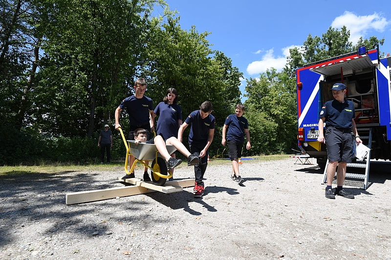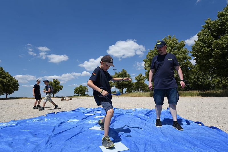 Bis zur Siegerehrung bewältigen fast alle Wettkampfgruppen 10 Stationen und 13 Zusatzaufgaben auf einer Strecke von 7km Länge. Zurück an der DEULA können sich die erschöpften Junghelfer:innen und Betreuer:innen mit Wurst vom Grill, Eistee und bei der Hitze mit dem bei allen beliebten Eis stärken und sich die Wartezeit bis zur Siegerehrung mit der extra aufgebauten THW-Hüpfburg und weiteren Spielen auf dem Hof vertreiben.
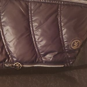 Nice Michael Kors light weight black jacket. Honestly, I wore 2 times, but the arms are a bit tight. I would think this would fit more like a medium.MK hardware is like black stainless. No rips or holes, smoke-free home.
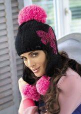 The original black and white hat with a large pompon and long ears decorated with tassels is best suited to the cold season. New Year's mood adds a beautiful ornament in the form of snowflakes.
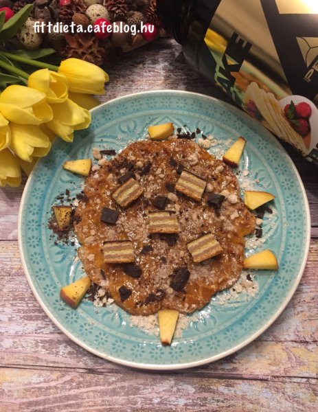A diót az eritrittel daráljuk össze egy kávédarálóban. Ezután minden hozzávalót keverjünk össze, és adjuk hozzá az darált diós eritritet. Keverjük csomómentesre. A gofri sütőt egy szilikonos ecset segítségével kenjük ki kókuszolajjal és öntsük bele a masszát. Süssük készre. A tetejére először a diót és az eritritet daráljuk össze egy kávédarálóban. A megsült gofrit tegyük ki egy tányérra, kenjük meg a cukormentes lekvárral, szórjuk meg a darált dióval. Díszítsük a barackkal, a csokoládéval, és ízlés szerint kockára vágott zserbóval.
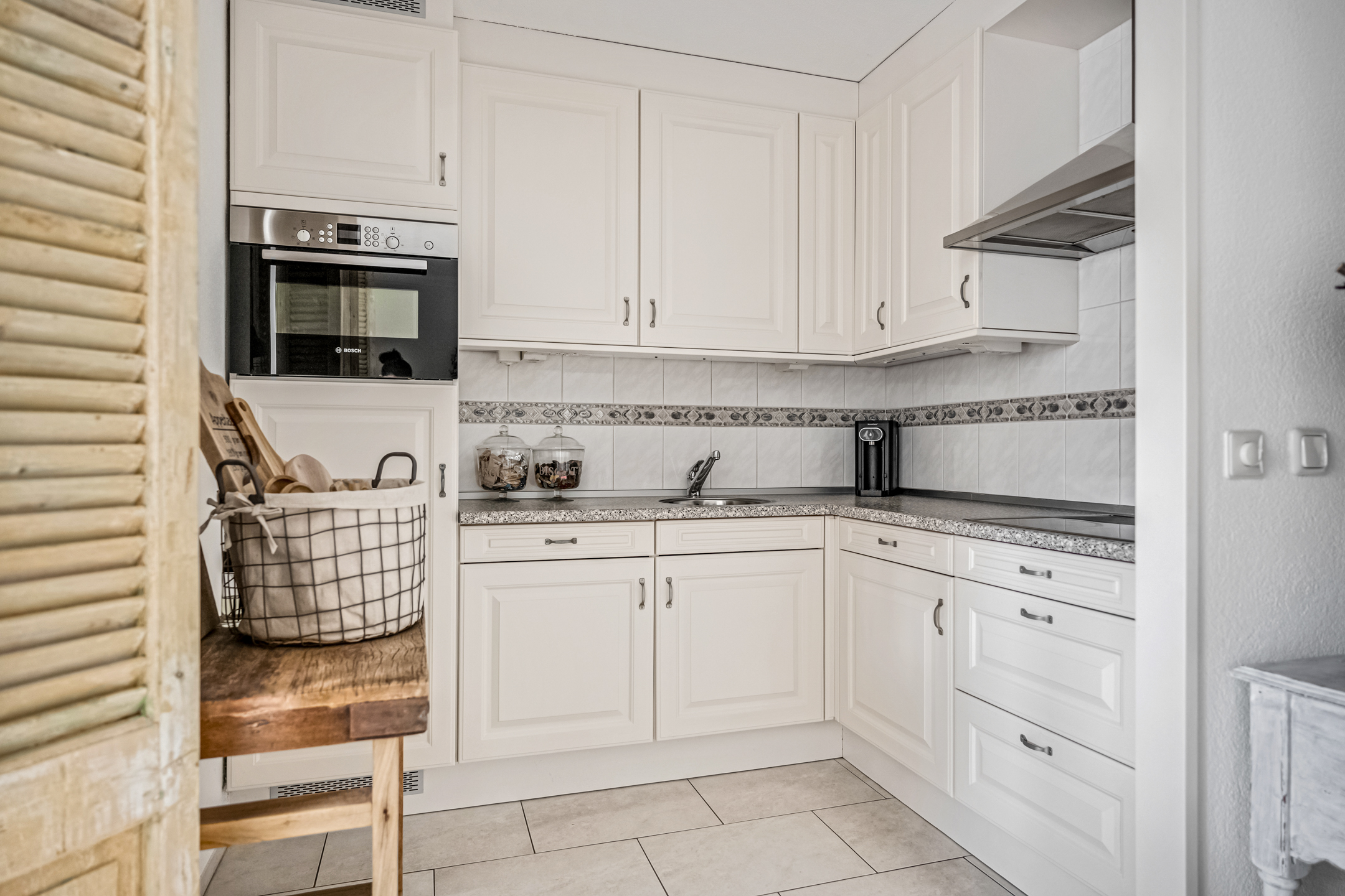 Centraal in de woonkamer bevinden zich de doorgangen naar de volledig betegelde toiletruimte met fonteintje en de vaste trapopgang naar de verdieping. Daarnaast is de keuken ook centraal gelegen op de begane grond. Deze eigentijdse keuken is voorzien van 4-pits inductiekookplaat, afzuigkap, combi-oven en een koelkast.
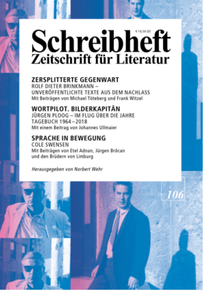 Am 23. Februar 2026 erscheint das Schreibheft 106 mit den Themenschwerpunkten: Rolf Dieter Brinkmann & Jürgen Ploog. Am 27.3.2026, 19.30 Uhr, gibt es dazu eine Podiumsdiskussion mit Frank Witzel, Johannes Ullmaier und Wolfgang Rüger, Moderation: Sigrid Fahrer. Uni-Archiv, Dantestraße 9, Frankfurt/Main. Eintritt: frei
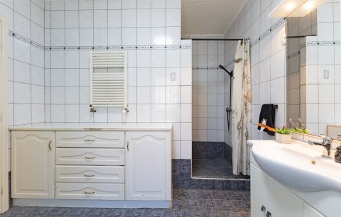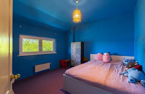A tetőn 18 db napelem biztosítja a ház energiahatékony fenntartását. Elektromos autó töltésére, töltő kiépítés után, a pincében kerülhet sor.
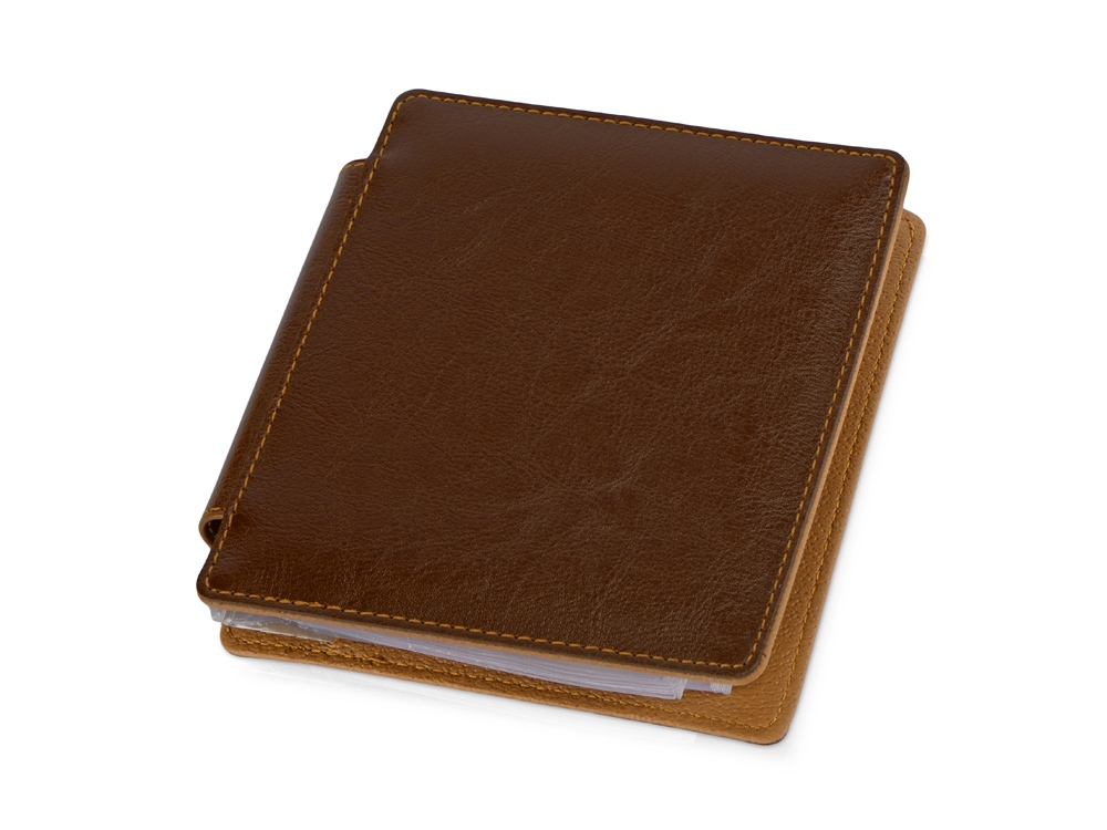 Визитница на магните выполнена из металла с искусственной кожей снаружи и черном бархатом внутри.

************

Copy exactly what appears from the line holding "A tetőn 18 db" to the end of the material, keeping both end lines. Pictures are not part of the copy.

◆ **EXERCISE OUTPUT**
A tetőn 18 db napelem biztosítja a ház energiahatékony fenntartását. Elektromos autó töltésére, töltő kiépítés után, a pincében kerülhet sor.
 Визитница на магните выполнена из металла с искусственной кожей снаружи и черном бархатом внутри.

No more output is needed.